The budget is now a crucial moment for this government. It has to demonstrate that there is a growth strategy, and show how decisions will be made to limit the downturn and point the economy to a better future. It is made more difficult by wanting to put up Corporation tax, making the UK a less attractive destination for inward investment and new jobs, and reducing company cashflows for new domestic investment by companies already here. Since the Chancellor spoke about reversing tax proposals various independent forecasters have been cutting their growth forecasts.

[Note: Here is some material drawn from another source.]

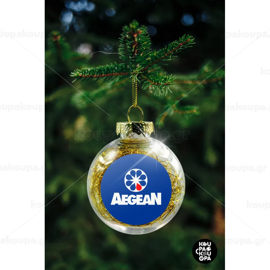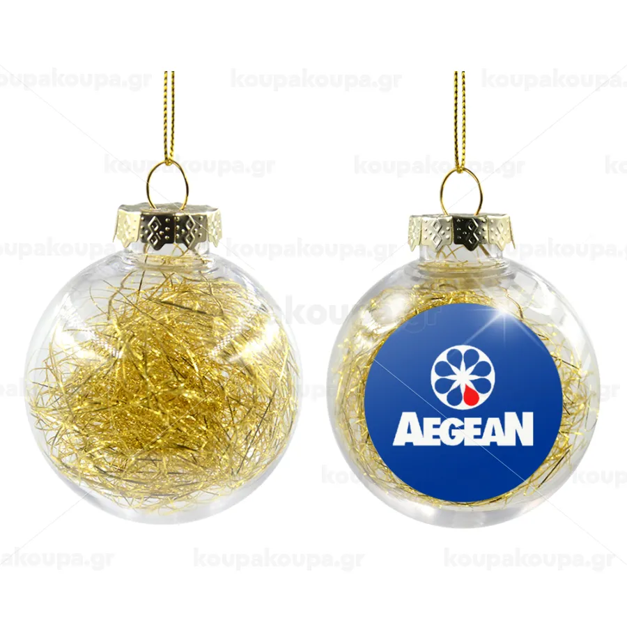 Πρατήριο καυσίμων AEGEAN, Στολίδι Χριστουγεννιάτικη μπάλα δένδρου διάφανη με χρυσό γέμισμα 8cm

The government has placed itself at the mercy of OBR forecasts. The OBR needs to lift its current year forecast of the budget deficit which I said would be an understatement when they made it. It needs to update it for the extra spending the government has now committed as a response to the energy crisis. It needs to reflect for the following year the likely slowing of revenue growth as a result of economic downturn. The government needs to tell the nation that whatever it does borrowing will be higher over the next year or so. The choice is whether to offer some offset to the hit to real incomes from higher interest rates and higher energy costs in order to limit the downturn, or whether to end up borrowing even more because the downturn is deeper and longer. It seems likely the OBR will follow the Bank of England in predicting no growth and maybe a recession in 2023. The crucial 2025/6 year forecast which affects the budget judgement needs to be more realistic than last year’s deficit forecast. There will be a windfall on the debt interest programme given the way they state it. As inflation comes down so on their definition the interest programme falls sharply.
The government needs to review the list of projects to expand UK capacity listed in the Growth Plan 2022 released by the last Chancellor. Several important oil and gas field developments are missing at a time when we need to swell the domestic production of fuels. This would boost revenues at home and cut carbon dioxide from transporting and liquifying imports. The road schemes need to be ones which increase capacity on main roads to allow people going to work in vehicles freedom from so many traffic jams. They can then book an additional appointment in the day. They should add small modular nuclear reactors to the list where pump priming state investment could lead to a major new manufacturing activity to be privately financed with opportunity for exports.
The government needs reviews of regulations, licencing and subsidy regimes where they affect our ability to grow more of our own food, deliver more of our own energy and produce more of our own industrial products. Your ideas would b e of interest as to what a good Growth strategy should look like.